DATA SHOWN:
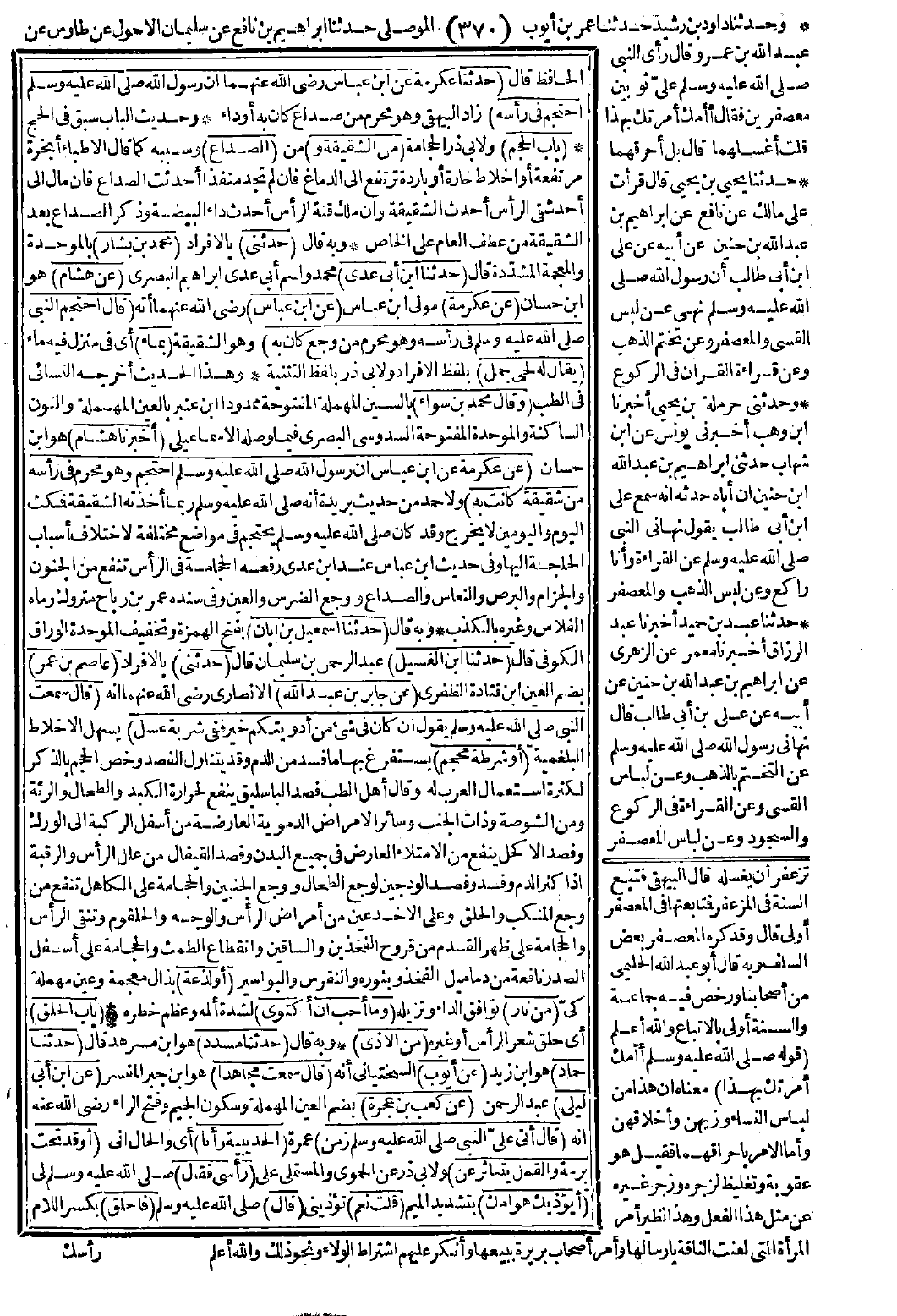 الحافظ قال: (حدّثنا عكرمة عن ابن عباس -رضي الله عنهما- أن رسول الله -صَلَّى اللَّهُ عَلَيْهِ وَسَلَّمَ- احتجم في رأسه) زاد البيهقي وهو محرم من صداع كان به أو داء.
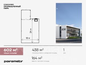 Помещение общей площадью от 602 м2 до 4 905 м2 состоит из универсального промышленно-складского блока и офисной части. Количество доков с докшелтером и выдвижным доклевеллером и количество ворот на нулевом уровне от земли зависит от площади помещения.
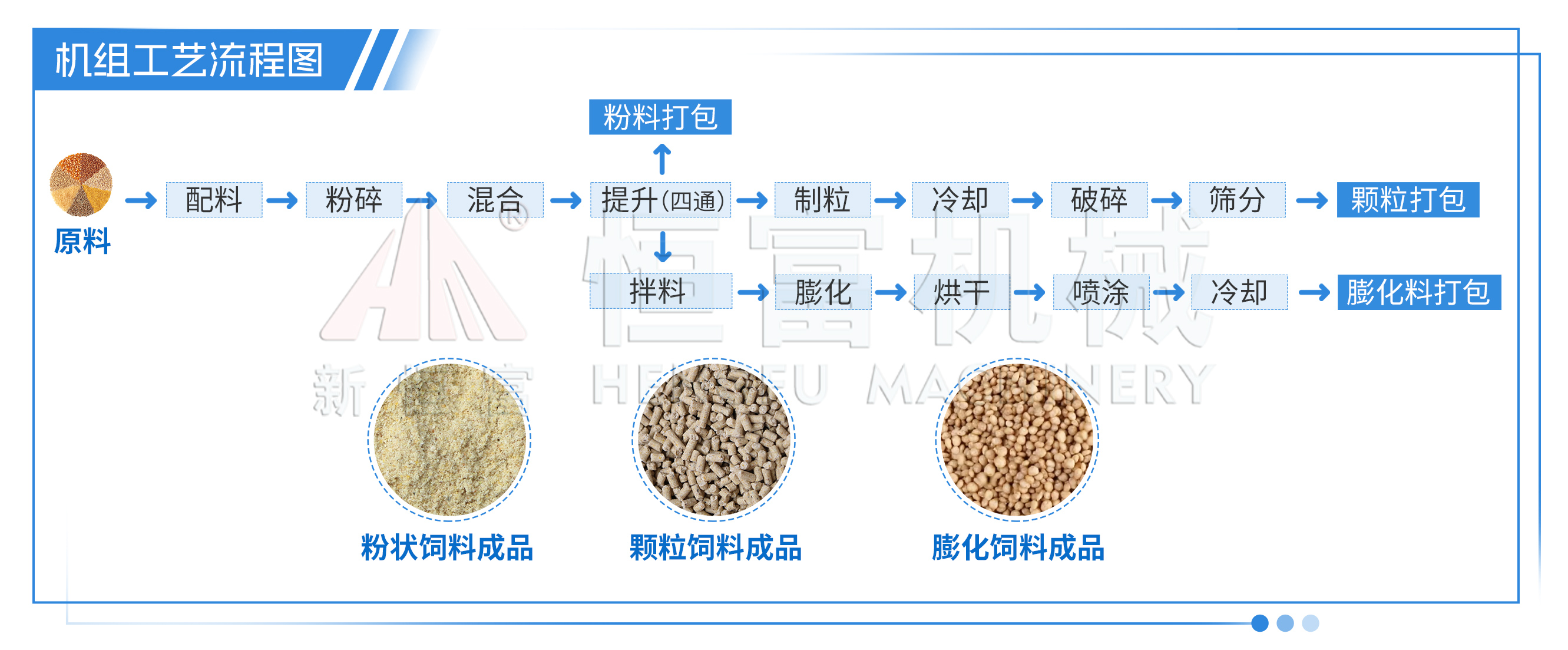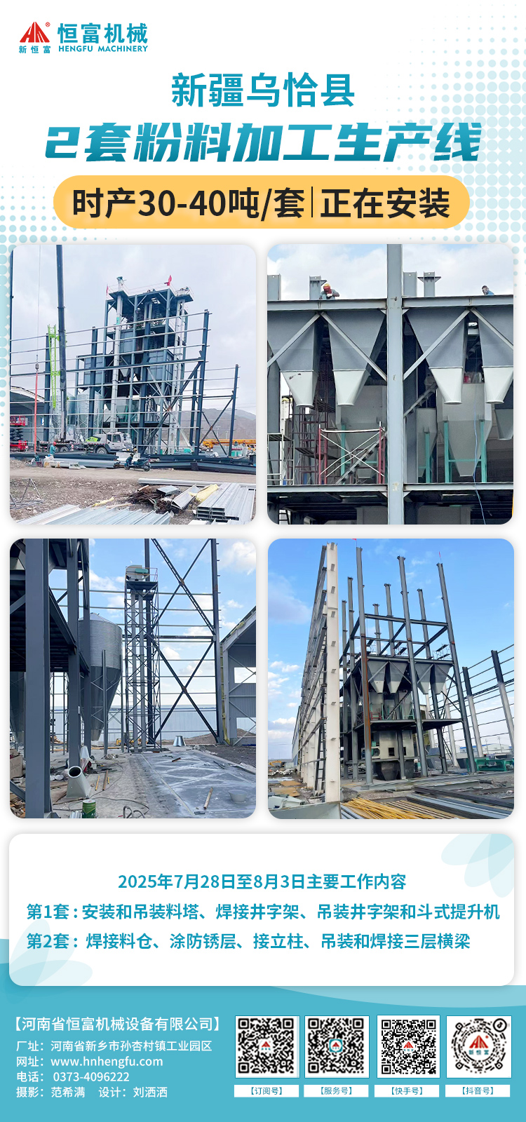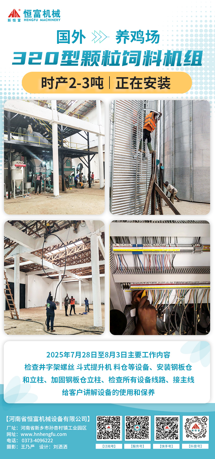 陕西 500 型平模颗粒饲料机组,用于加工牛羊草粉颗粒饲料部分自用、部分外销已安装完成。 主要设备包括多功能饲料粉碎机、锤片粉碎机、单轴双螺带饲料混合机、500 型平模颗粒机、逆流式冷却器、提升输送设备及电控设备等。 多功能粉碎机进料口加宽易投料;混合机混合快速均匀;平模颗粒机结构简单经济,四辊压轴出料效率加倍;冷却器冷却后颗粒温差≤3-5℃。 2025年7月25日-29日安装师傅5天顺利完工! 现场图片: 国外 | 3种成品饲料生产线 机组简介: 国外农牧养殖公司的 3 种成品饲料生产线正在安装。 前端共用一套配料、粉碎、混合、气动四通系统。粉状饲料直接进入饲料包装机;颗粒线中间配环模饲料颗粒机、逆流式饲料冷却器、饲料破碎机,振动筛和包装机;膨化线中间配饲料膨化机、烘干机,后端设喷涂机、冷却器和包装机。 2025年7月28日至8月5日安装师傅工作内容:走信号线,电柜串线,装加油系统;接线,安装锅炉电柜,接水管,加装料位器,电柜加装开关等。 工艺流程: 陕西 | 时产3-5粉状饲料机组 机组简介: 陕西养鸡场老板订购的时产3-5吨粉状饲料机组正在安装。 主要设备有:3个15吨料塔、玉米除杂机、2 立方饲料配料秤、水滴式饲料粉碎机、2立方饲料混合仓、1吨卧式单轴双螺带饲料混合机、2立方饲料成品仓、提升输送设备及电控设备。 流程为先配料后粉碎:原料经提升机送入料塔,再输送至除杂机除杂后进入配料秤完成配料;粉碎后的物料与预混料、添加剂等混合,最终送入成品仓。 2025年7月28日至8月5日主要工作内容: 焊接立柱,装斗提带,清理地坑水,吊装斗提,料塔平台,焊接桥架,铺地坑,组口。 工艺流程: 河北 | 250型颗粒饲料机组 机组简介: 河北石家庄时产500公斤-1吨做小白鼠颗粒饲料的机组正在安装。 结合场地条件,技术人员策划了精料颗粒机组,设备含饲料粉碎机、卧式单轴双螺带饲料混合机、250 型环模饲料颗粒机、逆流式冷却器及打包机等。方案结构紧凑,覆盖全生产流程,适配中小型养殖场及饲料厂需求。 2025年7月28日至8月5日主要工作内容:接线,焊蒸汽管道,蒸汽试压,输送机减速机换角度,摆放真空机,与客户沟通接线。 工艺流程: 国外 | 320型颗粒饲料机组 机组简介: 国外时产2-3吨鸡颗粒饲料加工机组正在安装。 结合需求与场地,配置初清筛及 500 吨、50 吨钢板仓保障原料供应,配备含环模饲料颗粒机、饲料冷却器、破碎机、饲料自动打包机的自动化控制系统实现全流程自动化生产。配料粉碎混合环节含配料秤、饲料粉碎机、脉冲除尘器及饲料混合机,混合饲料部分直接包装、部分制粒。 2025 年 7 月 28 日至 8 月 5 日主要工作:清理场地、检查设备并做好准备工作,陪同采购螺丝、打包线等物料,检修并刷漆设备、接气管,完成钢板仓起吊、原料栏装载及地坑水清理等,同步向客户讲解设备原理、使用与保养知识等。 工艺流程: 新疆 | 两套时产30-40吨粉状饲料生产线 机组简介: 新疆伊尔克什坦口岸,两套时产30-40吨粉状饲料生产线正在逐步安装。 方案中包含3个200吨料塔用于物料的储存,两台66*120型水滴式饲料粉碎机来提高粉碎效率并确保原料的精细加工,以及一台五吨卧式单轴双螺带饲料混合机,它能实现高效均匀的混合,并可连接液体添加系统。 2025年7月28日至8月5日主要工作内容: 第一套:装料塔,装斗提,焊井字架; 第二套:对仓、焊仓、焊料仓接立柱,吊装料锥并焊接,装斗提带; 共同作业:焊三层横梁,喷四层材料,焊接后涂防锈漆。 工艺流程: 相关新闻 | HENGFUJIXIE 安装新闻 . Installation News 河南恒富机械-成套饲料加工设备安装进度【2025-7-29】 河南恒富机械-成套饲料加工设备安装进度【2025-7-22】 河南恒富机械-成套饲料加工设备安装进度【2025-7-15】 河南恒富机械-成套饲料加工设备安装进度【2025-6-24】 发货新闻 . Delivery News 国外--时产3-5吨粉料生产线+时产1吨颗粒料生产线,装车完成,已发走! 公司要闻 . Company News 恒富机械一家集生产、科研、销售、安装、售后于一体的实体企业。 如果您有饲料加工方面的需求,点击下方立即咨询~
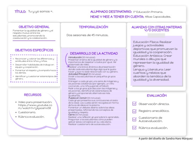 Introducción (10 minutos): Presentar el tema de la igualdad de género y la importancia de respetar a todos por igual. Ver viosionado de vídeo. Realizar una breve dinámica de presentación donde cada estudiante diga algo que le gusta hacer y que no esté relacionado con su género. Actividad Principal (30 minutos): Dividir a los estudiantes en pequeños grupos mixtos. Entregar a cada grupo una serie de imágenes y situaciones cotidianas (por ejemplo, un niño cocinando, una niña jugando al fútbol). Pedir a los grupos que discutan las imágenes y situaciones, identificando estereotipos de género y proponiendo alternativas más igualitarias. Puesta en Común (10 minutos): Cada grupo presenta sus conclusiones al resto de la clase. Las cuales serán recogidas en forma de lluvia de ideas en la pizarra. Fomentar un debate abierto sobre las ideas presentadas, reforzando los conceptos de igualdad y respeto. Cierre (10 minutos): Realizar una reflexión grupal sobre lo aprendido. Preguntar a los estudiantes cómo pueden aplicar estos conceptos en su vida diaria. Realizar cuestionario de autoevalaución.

AIM OF THE EXERCISE: Provide the lines again, unchanged, from where the data above begins through the line containing "Помещение общей площадью", both ends included, omitting pictures and adding nothing.

THE ANSWER:
 الحافظ قال: (حدّثنا عكرمة عن ابن عباس -رضي الله عنهما- أن رسول الله -صَلَّى اللَّهُ عَلَيْهِ وَسَلَّمَ- احتجم في رأسه) زاد البيهقي وهو محرم من صداع كان به أو داء.
 Помещение общей площадью от 602 м2 до 4 905 м2 состоит из универсального промышленно-складского блока и офисной части. Количество доков с докшелтером и выдвижным доклевеллером и количество ворот на нулевом уровне от земли зависит от площади помещения.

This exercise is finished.